- _WHAT IS EXPECTED_: Could you give again exactly, and only, the lines from the one holding "ウッドデッキ・ベランダとの組" through the end of the data, both ends included, with pictures left out?

- _GIVEN INFORMATION_:
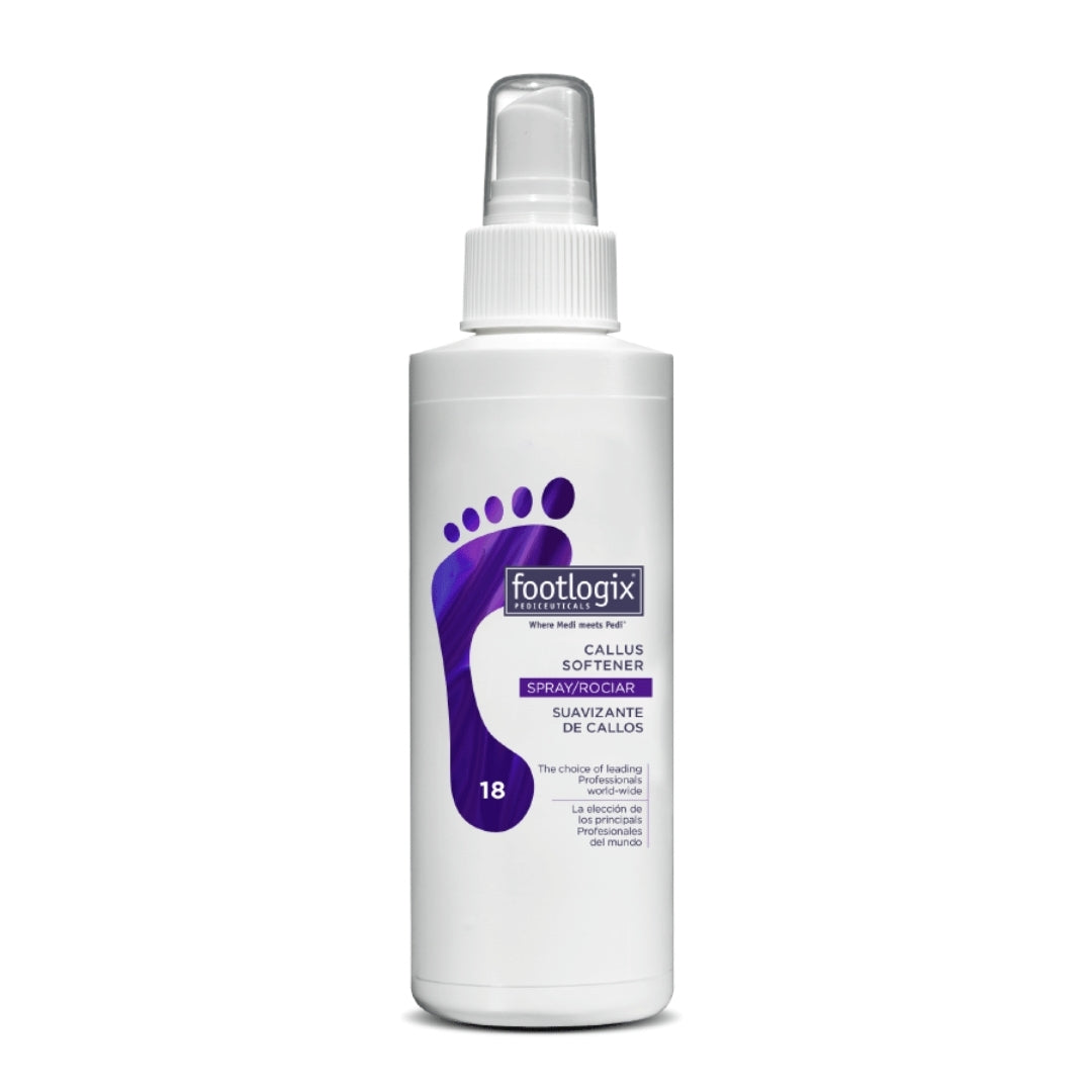 For Professional use only, Footlogiz Callus Softener spray-on formula provides an effective, instant softening treatment for calluses, toenails and cuticles, dry keratinized skin, hyperkeratosis and fissures/rhagades. This non-aggressive formula does not need to be washed off.
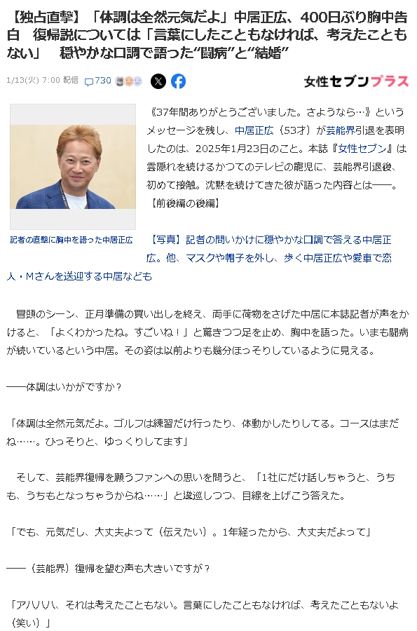 元SMAP・中居正広さん(53歳)、約400日ぶりにマスコミ取材に対応。世間に顔出しした事で、話題になっております。
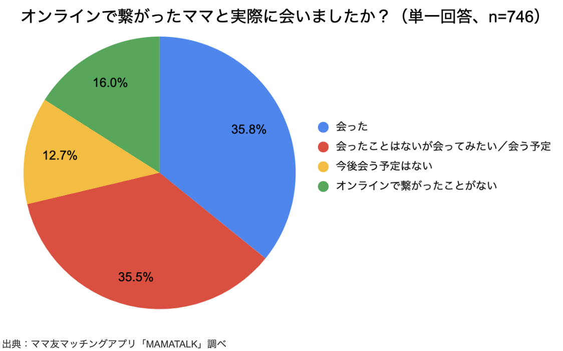 「オンラインで繋がったママと実際に会いましたか?」との質問に対しては、35.8%が「会った」、35.5%が「会ったことはないが会ってみたい」と回答し、71%がオンラインからリアルの繋がりに発展することを望んでいることが分かりました。
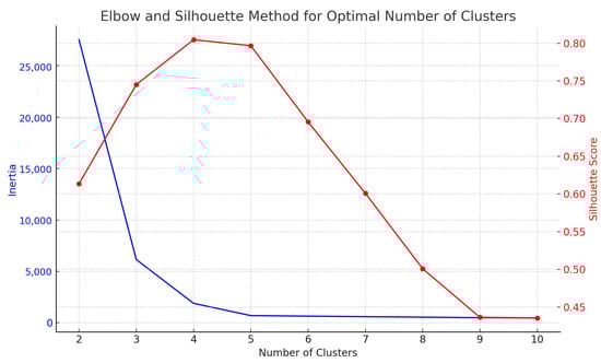 Figure 11 shows the elbow method (blue line) and silhouette score (red line) for determining the optimal number of clusters in our workload patterns. The elbow point at five clusters indicates the optimal trade-off between the number of clusters and within-cluster variance (inertia). Simultaneously, the silhouette score peaks at five clusters, confirming this as the optimal number of clusters for our dataset.
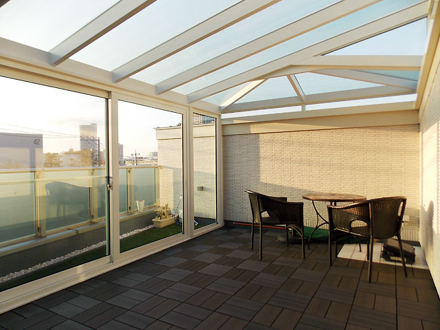 ウッドデッキ・ベランダとの組み合わせ、ガーデニングルーム、2階・屋上への施工など、お客様のご要望にお応えした様々な施工事例をご紹介しております(お客様のご了承をいただいたものを掲載しております)。
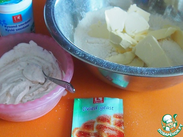 Дрожжи и щепотку соли высыпать в сметану, перемешать.

- _RESPONSE TO THE TASK_:
 ウッドデッキ・ベランダとの組み合わせ、ガーデニングルーム、2階・屋上への施工など、お客様のご要望にお応えした様々な施工事例をご紹介しております(お客様のご了承をいただいたものを掲載しております)。
 Дрожжи и щепотку соли высыпать в сметану, перемешать.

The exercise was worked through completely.